Heteromolecular artimones are synthetic compounds whose molecular structure has been altered from endogenous human hormones, coined by Dr. Thomas Hilgers as the antonym to isomolecular hormones. The term "artimone" signals "altered hormone." Examples include norethindrone, levonorgestrel, medroxyprogesterone acetate, and ethinyl estradiol, the active agents in most oral contraceptives and conventional hormone replacement formulations.⁷⁸

Hilgers argues that the molecular variance of heteromolecular artimones from endogenous hormones explains side-effect profiles that differ qualitatively, not just quantitatively, from isomolecular replacements. Synthetic progestins, for example, bind progesterone receptors but also bind androgen and glucocorticoid receptors. The downstream effects are not the same as endogenous progesterone.

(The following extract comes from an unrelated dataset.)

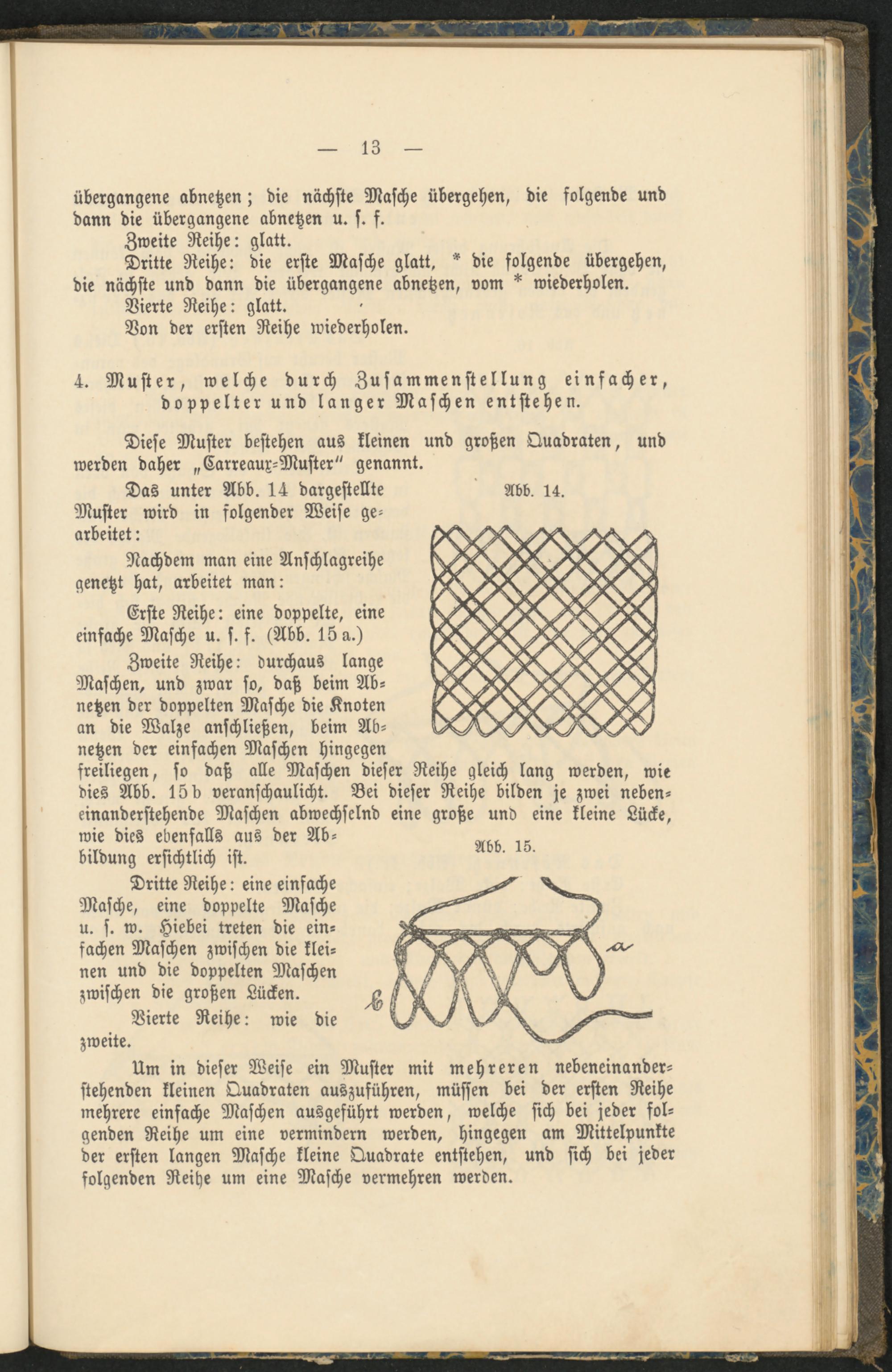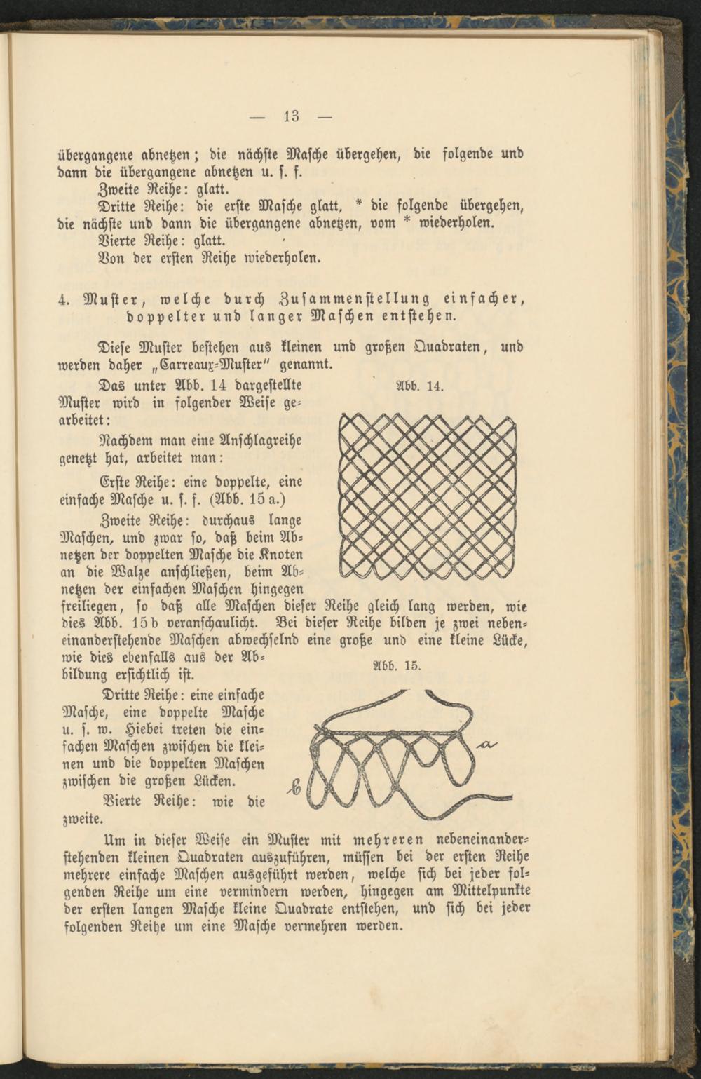 Um in dieser Weise ein Muster mit mehreren nebeneinanderstehenden kleinen Quadraten auszuführen, müssen bei der ersten Reihe mehrere einfache Maschen ausgeführt werden, welche sich bei jeder folgenden Reihe um eine vermindern werden, hingegen am Mittelpunkte der ersten langen Masche kleine Quadrate entstehen, und sich bei jeder folgenden Reihe um eine Masche vermehren werden.

In NaProTECHNOLOGY, heteromolecular artimones are never used in hormone replacement or supplementation protocols. CPRT, CERT, and pregnancy support protocols specify isomolecular compounds exclusively. The clinical distinction between these two pharmacological categories is foundational to Hilgers' approach to restorative hormone therapy. When oral contraceptives are discussed in the NaPro framework, Hilgers refers to their active compounds by this category name.

This content is for educational purposes only and does not constitute medical advice. Consult an RRM clinician or healthcare provider for guidance specific to your situation.